* _ACTIVITY_
Without the pictures, print the lines from the one holding "みなさん、救急医療における心" through the last line below, both included, exactly as they stand.

====== DATA FOR REVIEW ======

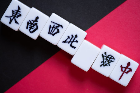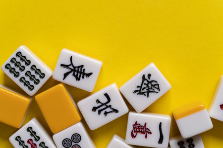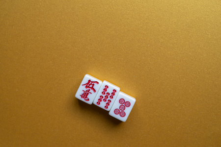 A Mahjong Or mah-jongg Game Pieces and Dice Close Up
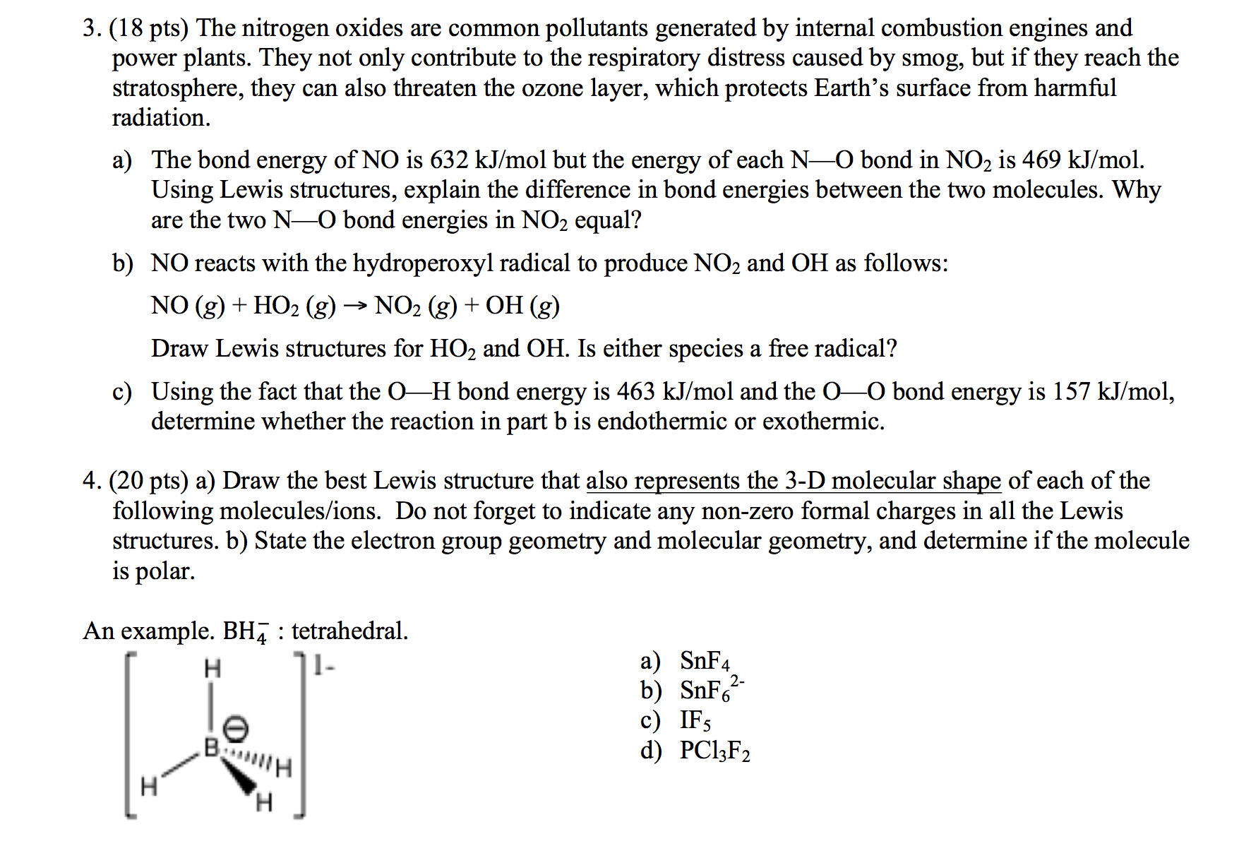Total: 100 pts. 1. (8 pts) The neutral OH molecule is the most important oxidant in the troposphere, and has been a) b) implicated in certain ozone-destroying processes, which take place in the stratosphere. Electron affinity can be defined for molecules just as it is defined for single atoms. Write a
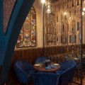 Moving further to the main dining space through an enormous arch, one enters into a transition area manifested from the timeline of divergent eras of architecture. The first thing one may notice in here is the Baroque print in the vaulted ceiling that oozes opulence and grandeur. This dramatic
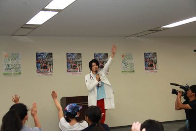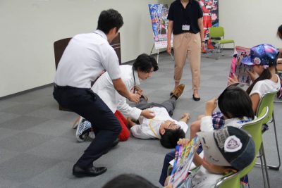 みなさん、救急医療における心臓マッサージ覚えましたか?(子どもたち「はぁーい!」)
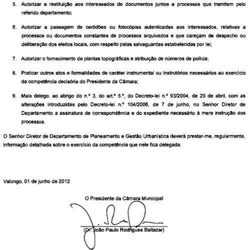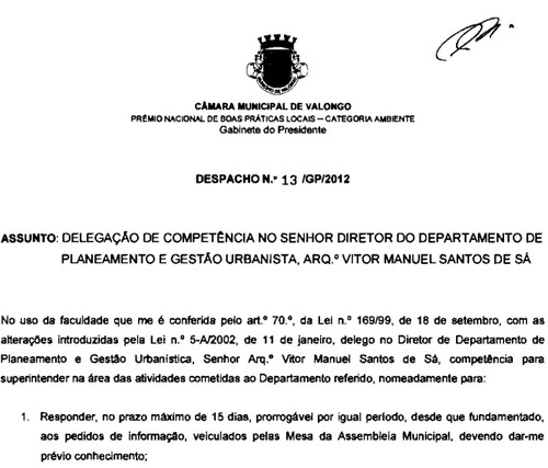Agora o que me deixa verdadeiramente de boca aberta de de espanto e acredito que também à maioria dos valonguenses, é a delegação de poderes no Director de Departamento de Planeamento e Gestão Urbanística, o arq. Vítor Sá!
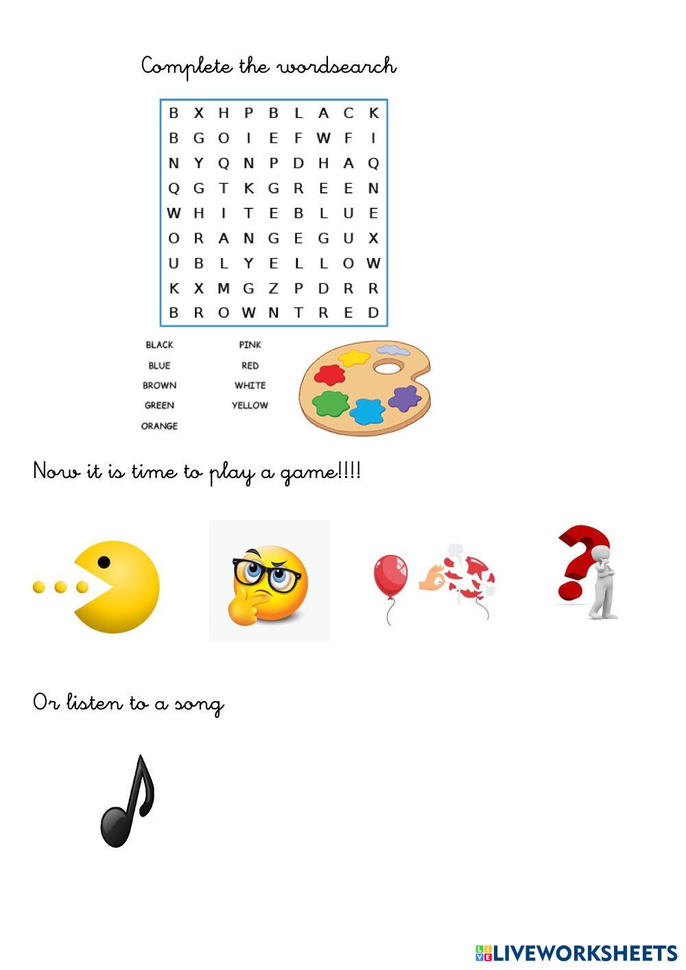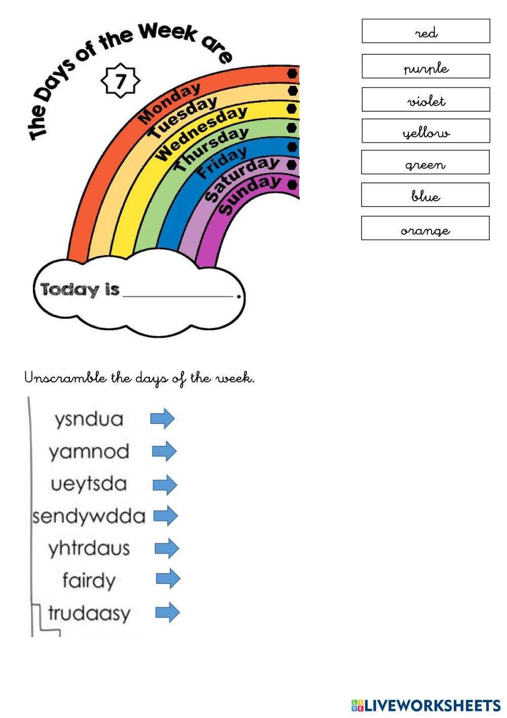 Created by pabloalamo english colors Age 6 level: Segundo Spanish Author's Instructions My Google Classroom Courses × 0 classes selected (0 students total) Quick Access Select all classes (0 classes) All Classes Loading courses... Cancel Share Share to selected Course __COURSE_NAME__ __STUDENT_NAME__ (__STUDENT_EMAIL__) Colors and Days of the week Download Worksheet Validation Check my answers Emails my answers to my teacher Full name Group/level School subject Teacher's email or key code Close Submit Validating worksheet... (12) Your answers have been sent to your teacher. Good luck! OK We encountered an error submitting your answers. Please try again. OK Advertisement | Go Ad Free Created by pabloalamo english colors Age 6 level: Segundo Spanish Author's Instructions
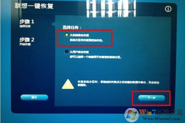 通過上下箭頭選擇“system recovery”,回車后進(jìn)入一鍵恢復(fù)頁(yè)面,默認(rèn)選擇從初始備份恢復(fù),直接點(diǎn)擊“下一步”
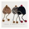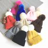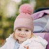 Gorro de Punto para Niños Otoño e Invierno Nuevo Grueso Cálido Gorro para Niños Lazo de Doble Pompon Lindo Gorro de Punto para Niños
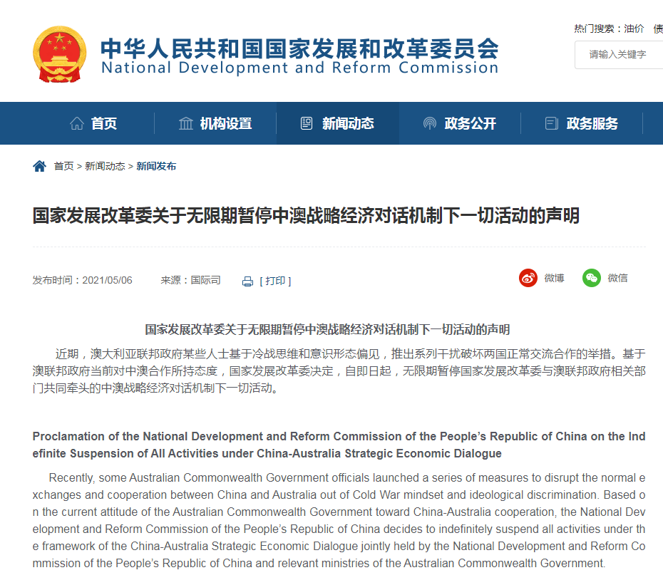 5月鋼價(jià)迎來開門紅!期鋼開盤跳空高開高走,現(xiàn)貨全面上漲。值得關(guān)注的是,國家發(fā)改委發(fā)布“關(guān)于無限期暫停中澳戰(zhàn)略經(jīng)濟(jì)對話機(jī)制下一切活動(dòng)”的聲明,引發(fā)市場關(guān)注。國內(nèi)鐵礦石期貨價(jià)格漲超6%領(lǐng)漲黑色系,鋼價(jià)在一片利好聲中繼續(xù)走高!

======

* _REPLY_
 みなさん、救急医療における心臓マッサージ覚えましたか?(子どもたち「はぁーい!」)
Agora o que me deixa verdadeiramente de boca aberta de de espanto e acredito que também à maioria dos valonguenses, é a delegação de poderes no Director de Departamento de Planeamento e Gestão Urbanística, o arq. Vítor Sá!
 Created by pabloalamo english colors Age 6 level: Segundo Spanish Author's Instructions My Google Classroom Courses × 0 classes selected (0 students total) Quick Access Select all classes (0 classes) All Classes Loading courses... Cancel Share Share to selected Course __COURSE_NAME__ __STUDENT_NAME__ (__STUDENT_EMAIL__) Colors and Days of the week Download Worksheet Validation Check my answers Emails my answers to my teacher Full name Group/level School subject Teacher's email or key code Close Submit Validating worksheet... (12) Your answers have been sent to your teacher. Good luck! OK We encountered an error submitting your answers. Please try again. OK Advertisement | Go Ad Free Created by pabloalamo english colors Age 6 level: Segundo Spanish Author's Instructions
 通過上下箭頭選擇“system recovery”,回車后進(jìn)入一鍵恢復(fù)頁(yè)面,默認(rèn)選擇從初始備份恢復(fù),直接點(diǎn)擊“下一步”
 Gorro de Punto para Niños Otoño e Invierno Nuevo Grueso Cálido Gorro para Niños Lazo de Doble Pompon Lindo Gorro de Punto para Niños
 5月鋼價(jià)迎來開門紅!期鋼開盤跳空高開高走,現(xiàn)貨全面上漲。值得關(guān)注的是,國家發(fā)改委發(fā)布“關(guān)于無限期暫停中澳戰(zhàn)略經(jīng)濟(jì)對話機(jī)制下一切活動(dòng)”的聲明,引發(fā)市場關(guān)注。國內(nèi)鐵礦石期貨價(jià)格漲超6%領(lǐng)漲黑色系,鋼價(jià)在一片利好聲中繼續(xù)走高!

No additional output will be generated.